### EXERCISE REQUIREMENTS
Repeat the entries below exactly, pictures excluded.

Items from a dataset

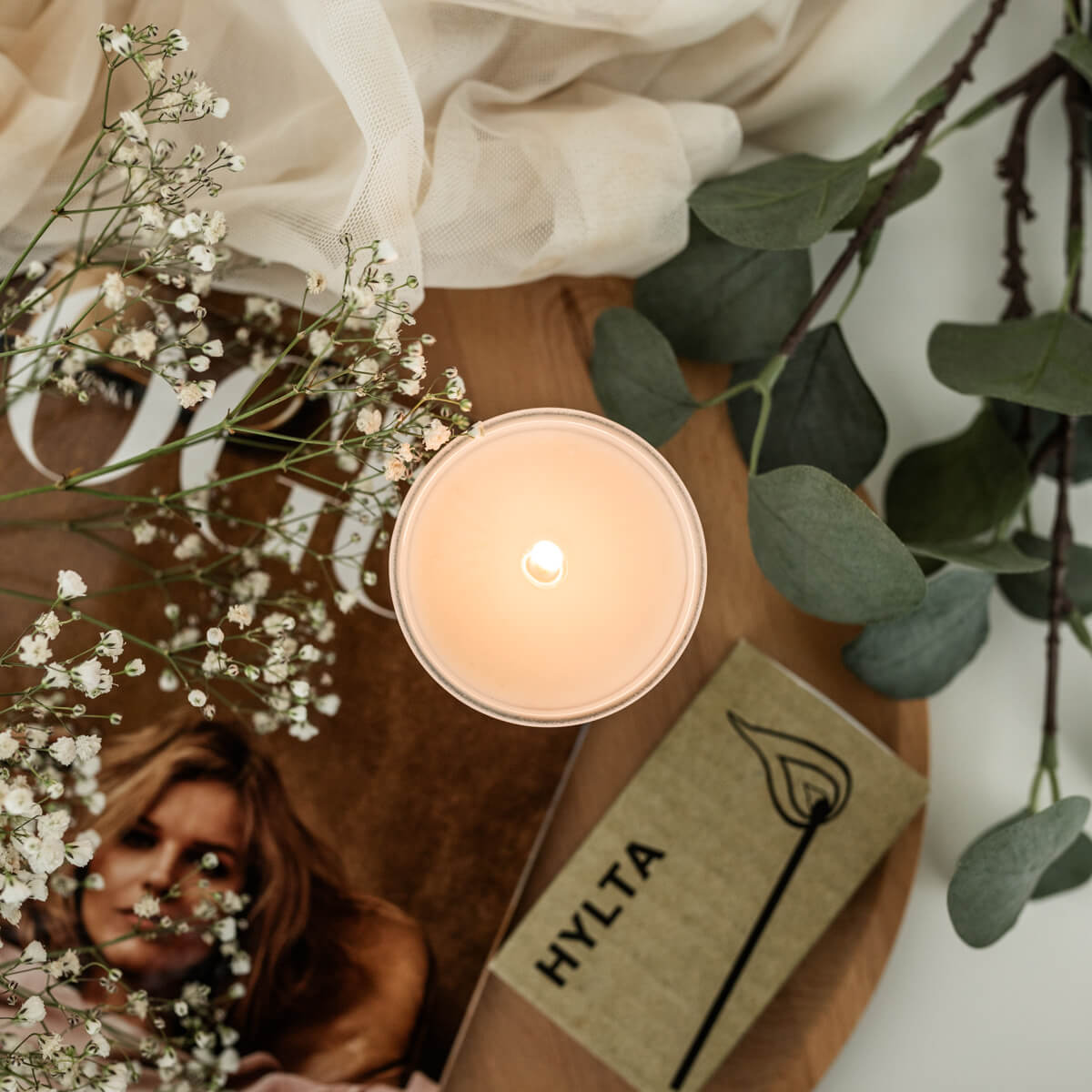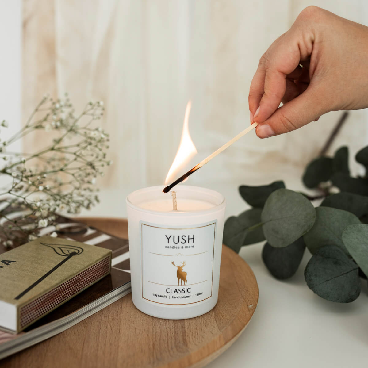 Każda świeca sojowa zamknięta jest w szklanej szklance, z elegancją, satynową etykietą ze złoceniem oraz ozdobnym, białym, minimalistycznym pudełkiem.
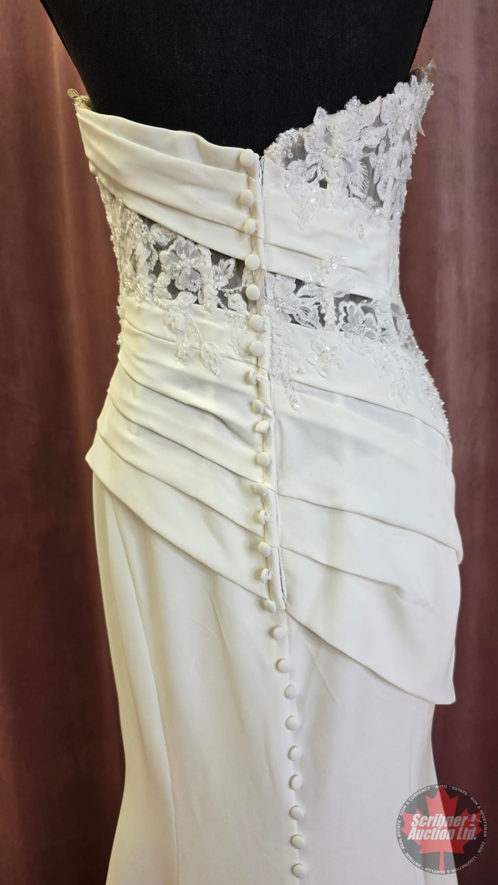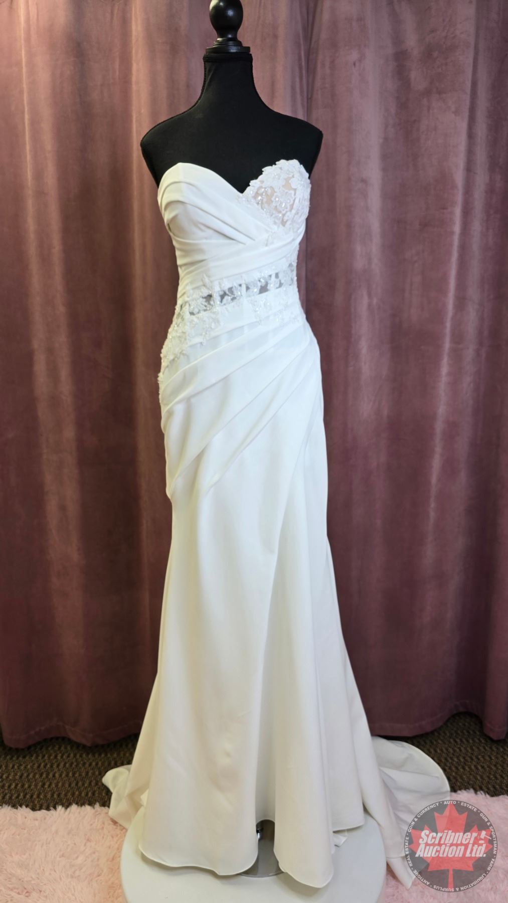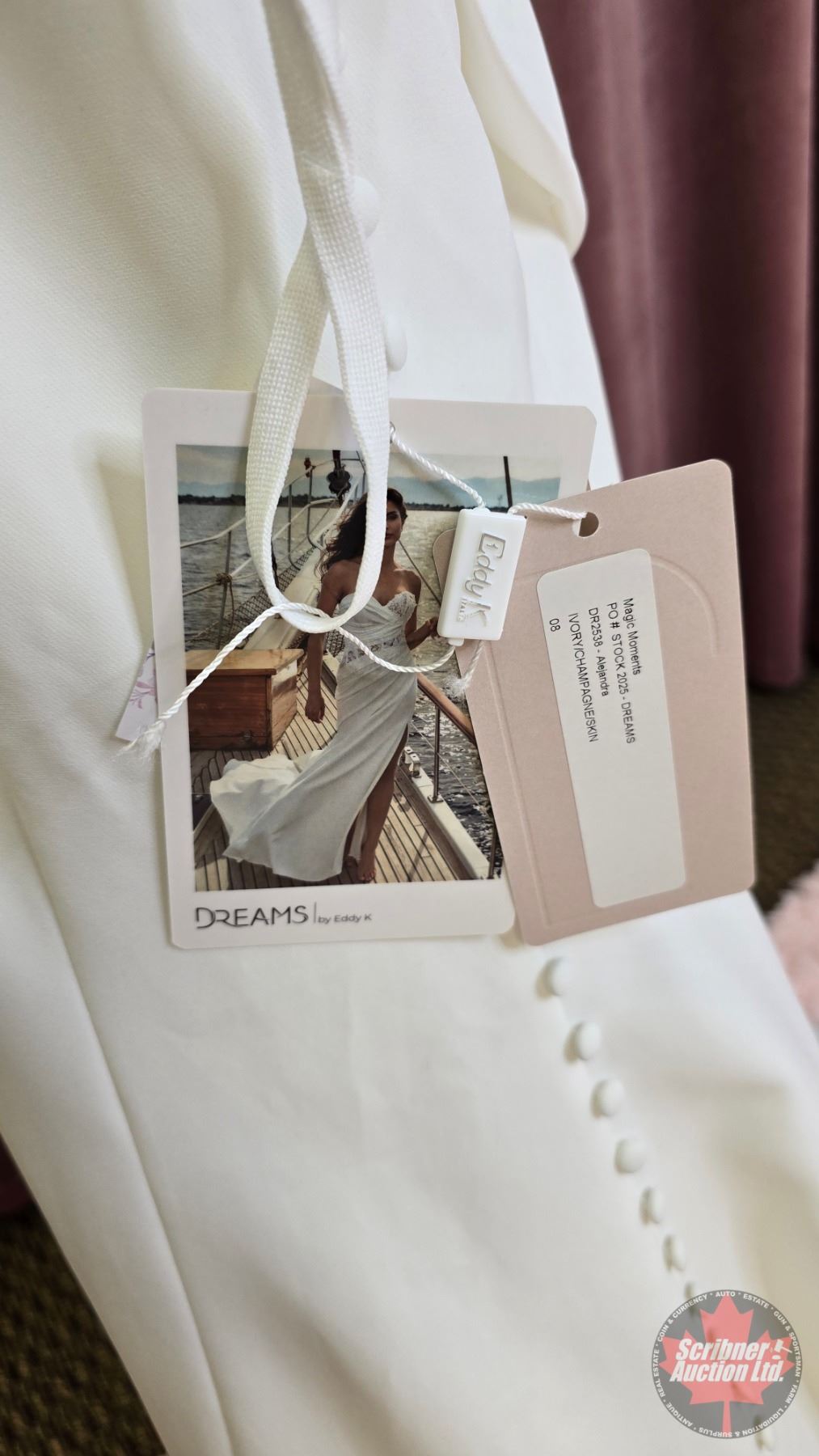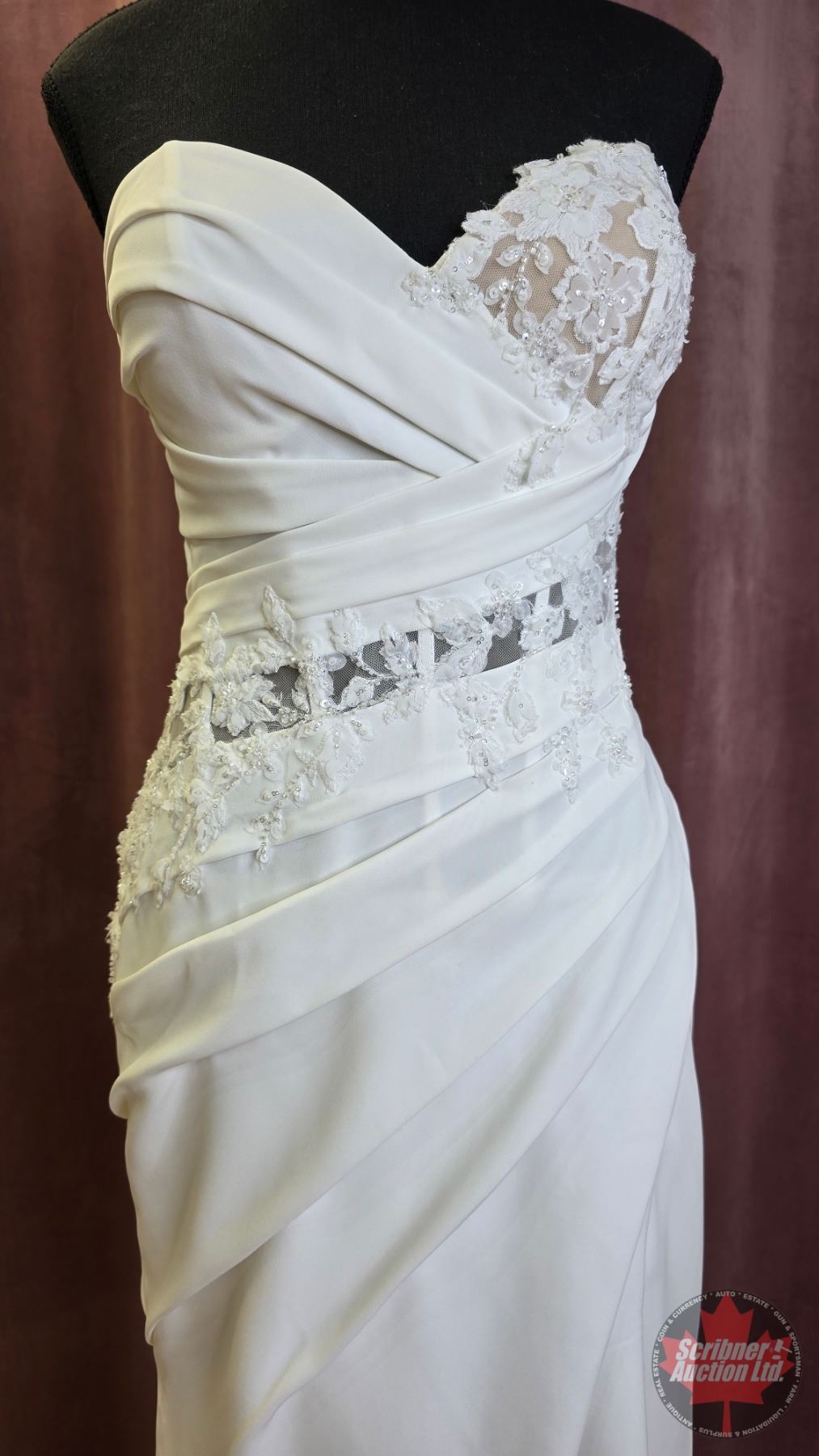 (Listing & Descriptions are a GUIDE ONLY and are subject to changes, errors, additions or deletions. The majority of dresses were fitted/cinched/clamped to mannequins for auction catalog pictures. See Tags in Pictures for Dress / Item Details if tagged. Many or all of the dresses have been tried on in the store as normal retail activity. Winning bidders may want to consider Drycleaning. Please use the provided pictures to satisfy yourself to the Conditions. There will NOT be garment bags provided, please bring your own when picking up dresses after the Auction concludes. Please bring help or assistance to load out store fixtures. Please Read & Understand All Terms & Conditions for this Auction Sale. There is designated dates & times for pick ups after the Auction.)
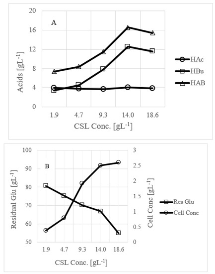 Effect of CSL on C. tyrobutyricum. (A) Production of acids at various CSL concentrations; (B) residual glucose and cell concentration; (C) productivities, specific productivities, acid yield, and cell yield.
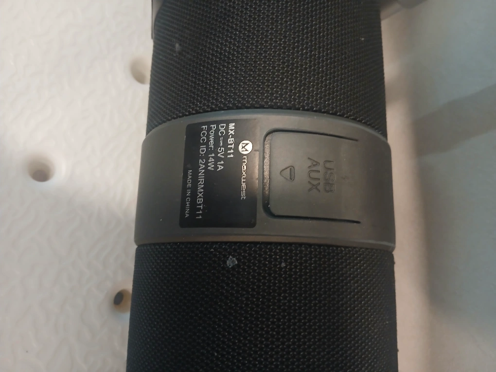 Selling a Maxwest MX-BT11 Bluetooth speaker in good condition! It's a portable speaker, perfect for taking your music on the go. It has USB and AUX inputs for versatile connectivity. Power is DC-5V 1A, and it's made in China works great ...comes wirh charging cord.
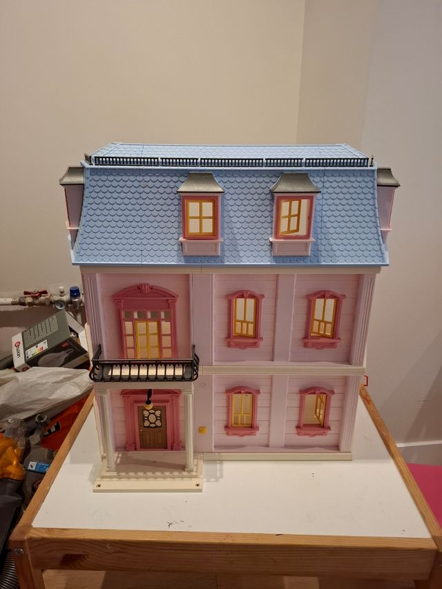Lote de playmobil.Casa de muñecas,2 autocaravanas,ambulancia, nave,furgón de policías,clínica veterinaria, tienda y muchos muñecos.
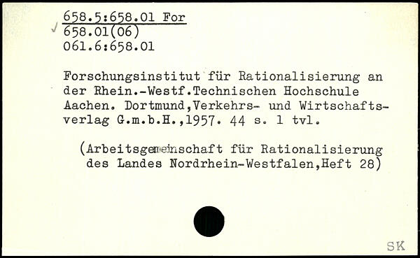 Forschungsinstitut für Rationalisierung an der Rhein.-Westf.Technischen Hochschule Aachen. Dortmund,Verkehrs- und Wirtschaftsverlag G.m.b.H.,1957.
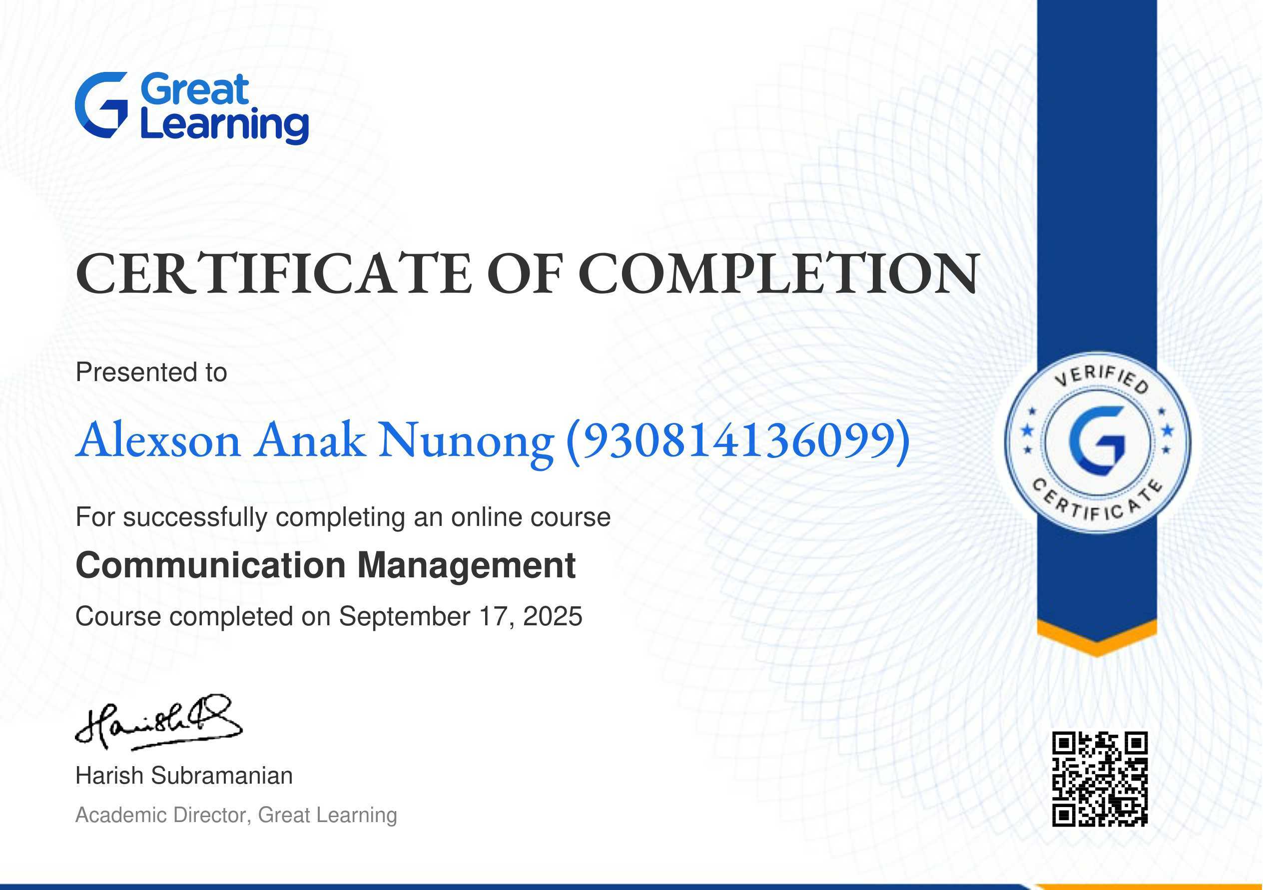 The certificate above verifies that Alexson Anak Nunong has successfully completed the course Communication Management
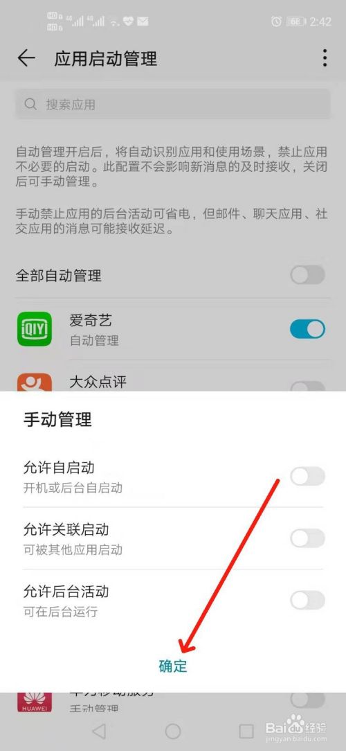 弹出窗口后,确认“允许自启动”、“允许关联启动”、“允许后台活动”三个选项均处于“关闭”状态,点击下面的“确定”按钮完成设置。
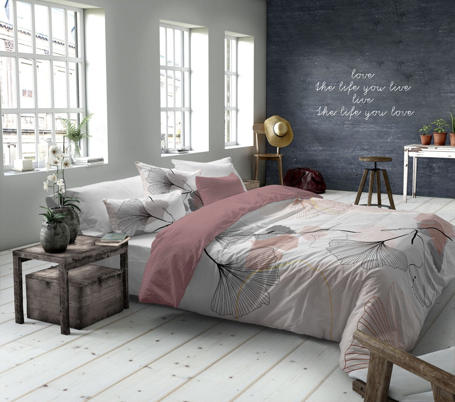 Povlečení z bavlněného makosaténu v rozměru 70x90 / 140x200 se zapínáním na zip zaujme digitálním potiskem růžovo-šedých lístků ginka. Top kvalita pro váš maximální komfort a stylovou ložnici.

### FINISHED EXERCISE
 Każda świeca sojowa zamknięta jest w szklanej szklance, z elegancją, satynową etykietą ze złoceniem oraz ozdobnym, białym, minimalistycznym pudełkiem.
 (Listing & Descriptions are a GUIDE ONLY and are subject to changes, errors, additions or deletions. The majority of dresses were fitted/cinched/clamped to mannequins for auction catalog pictures. See Tags in Pictures for Dress / Item Details if tagged. Many or all of the dresses have been tried on in the store as normal retail activity. Winning bidders may want to consider Drycleaning. Please use the provided pictures to satisfy yourself to the Conditions. There will NOT be garment bags provided, please bring your own when picking up dresses after the Auction concludes. Please bring help or assistance to load out store fixtures. Please Read & Understand All Terms & Conditions for this Auction Sale. There is designated dates & times for pick ups after the Auction.)
 Effect of CSL on C. tyrobutyricum. (A) Production of acids at various CSL concentrations; (B) residual glucose and cell concentration; (C) productivities, specific productivities, acid yield, and cell yield.
 Selling a Maxwest MX-BT11 Bluetooth speaker in good condition! It's a portable speaker, perfect for taking your music on the go. It has USB and AUX inputs for versatile connectivity. Power is DC-5V 1A, and it's made in China works great ...comes wirh charging cord.
Lote de playmobil.Casa de muñecas,2 autocaravanas,ambulancia, nave,furgón de policías,clínica veterinaria, tienda y muchos muñecos.
 Forschungsinstitut für Rationalisierung an der Rhein.-Westf.Technischen Hochschule Aachen. Dortmund,Verkehrs- und Wirtschaftsverlag G.m.b.H.,1957.
 The certificate above verifies that Alexson Anak Nunong has successfully completed the course Communication Management
 弹出窗口后,确认“允许自启动”、“允许关联启动”、“允许后台活动”三个选项均处于“关闭”状态,点击下面的“确定”按钮完成设置。
 Povlečení z bavlněného makosaténu v rozměru 70x90 / 140x200 se zapínáním na zip zaujme digitálním potiskem růžovo-šedých lístků ginka. Top kvalita pro váš maximální komfort a stylovou ložnici.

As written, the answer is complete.